Friday, October 21, 2016

The Trenches of Your Mind

By Bob Cox

Shortly after watching the conclusion of the third presidential debate, I was particularly struck by an impassioned exchange between two Trump surrogates and two Clinton surrogates. When one of Clinton’s supporters, Patty Solis Doyle said she felt offended when Donald Trump referred to the illegal aliens from Mexico that have committed crimes in our country as bad hombres, my eyes rolled right along with the Trump supporters. Why? Because our society has seemingly become so hypersensitive to anything that we say and that no matter how benign it may be, it has the potential to offend somebody somewhere.

Just as I was about to dig that trench a little deeper in my mind, the voice of reason came to me like a message in a bottle that had been dropped from the sky when Van Jones stood up for Doyle by saying “You don’t get to determine what offends me..I don’t get to determine what offends you.” In other words, as long as the offending party fails to acknowledge that what they’ve said was offensive; then real understanding can never take place. Just like trench warfare during WWI, both sides dig in deep with no man’s land in the middle.

A few weeks ago, my wife Diana and I invited my son Bobby out to dinner to celebrate his birthday but the evening quickly unraveled when the topic of an upcoming speech he was about to give in school came up and he told us that he really didn’t want to hear any feedback from either of us. Those words felt just like a dagger in a very lopsided gift exchange: A nice meal out and a bag of thoughtful gifts for a punch in the gut. Diana and I were deeply hurt, offended and angry by his insensitive remark.

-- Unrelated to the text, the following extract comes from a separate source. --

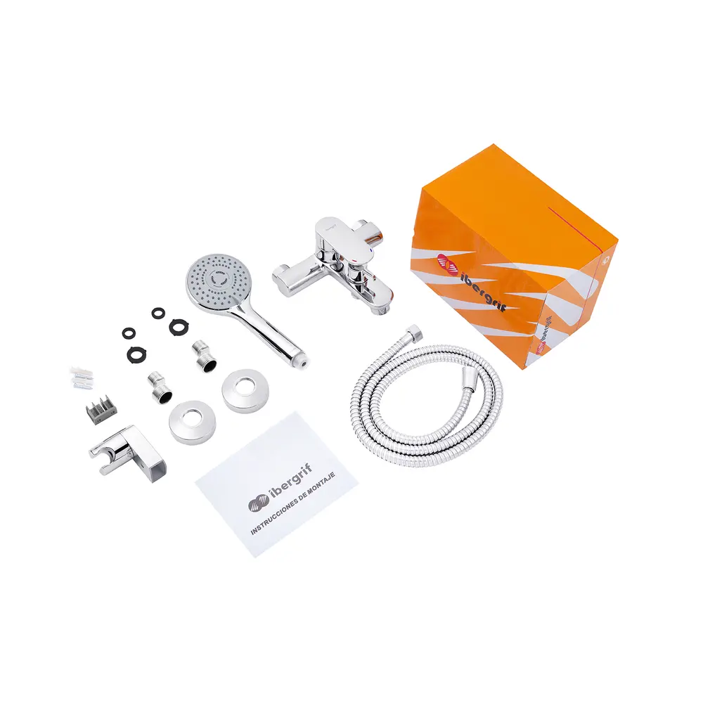 Змішувач, лійка для ручного душу, душовий шланг, кронштейн для ручного душу, кріплення, інструкція.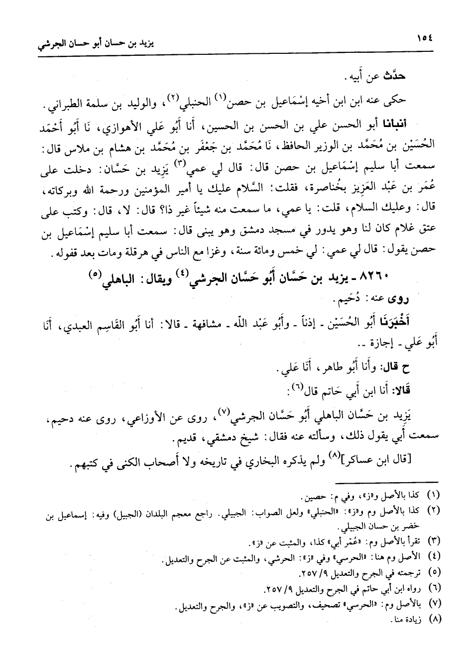 8260 - يزيد بن حسان أبو حسان الجرشي (4) ويقال الباهلي (5) روى عنه دحيم أخبرنا أبو الحسين إذنا وأبو عبد الله مشافهة قالا أنا أبو القاسم العبدي أنا أبو علي إجازة ح قال وأنا أبو طاهر أنا علي قالا أنا ابن أبي حاتم قال (6) يزيد بن حسان الباهلي أبو حسان الجرشي (7) روى عن الأوزاعي روى عنه دحيم سمعت أبي يقول ذلك وسألته عنه فقال شيخ دمشقي قديم قال ابن عساكر (8) ولم يذكره البخاري في تاريخه ولا أصحاب الكنى في كتبهم

As he went on to explain his reasons, the trench only got deeper as he said that we frequently injected our unsolicited and unwelcomed advice on other family members. After the initial impact of that unexpected message was delivered, I told him how offensive his remark was, especially in light of the fact that he knows how much Diana and I treasure the exchange of deep, meaningful and soul searching ideas. We were both looking forward to hearing what he had to say on the fresh topic of lucid dreaming, something he’s very passionate about, but once he made that comment, I told him I wasn’t open to hearing his speech under those conditions.

During the uncomfortably quiet drive home, I had more time to process the dysfunctional exchange from the restaurant. I told him going forward, if he wanted to share something with us, he would need to be open to our feedback because we both have strong opinions on a number of subjects. If he didn’t want our opinions, he would be wise to not bring up the subject.

I explained that whenever I feel inspired to share anything I’ve written with Diana, I have to be emotionally prepared to handle whatever comes out of her mouth. Sometimes I’m not and on those rare occasions, I resist the urge to share with her and everyone stays in their happy place. On the other hand, when I do have the courage to speak and the tolerance to listen, we usually have a powerful and dynamic exchange of thoughts, feelings and ideas and I am exponentially richer for it.

As far as being the giver of unsolicited advice, I could double down by saying that’s his problem and then grab the nearest metaphorical shovel. Instead, I think I’ll work on that character flaw by asking for permission to provide feedback upfront so that I have the freedom to express my thoughts openly and honestly with the goal of having a truly authentic dialogue.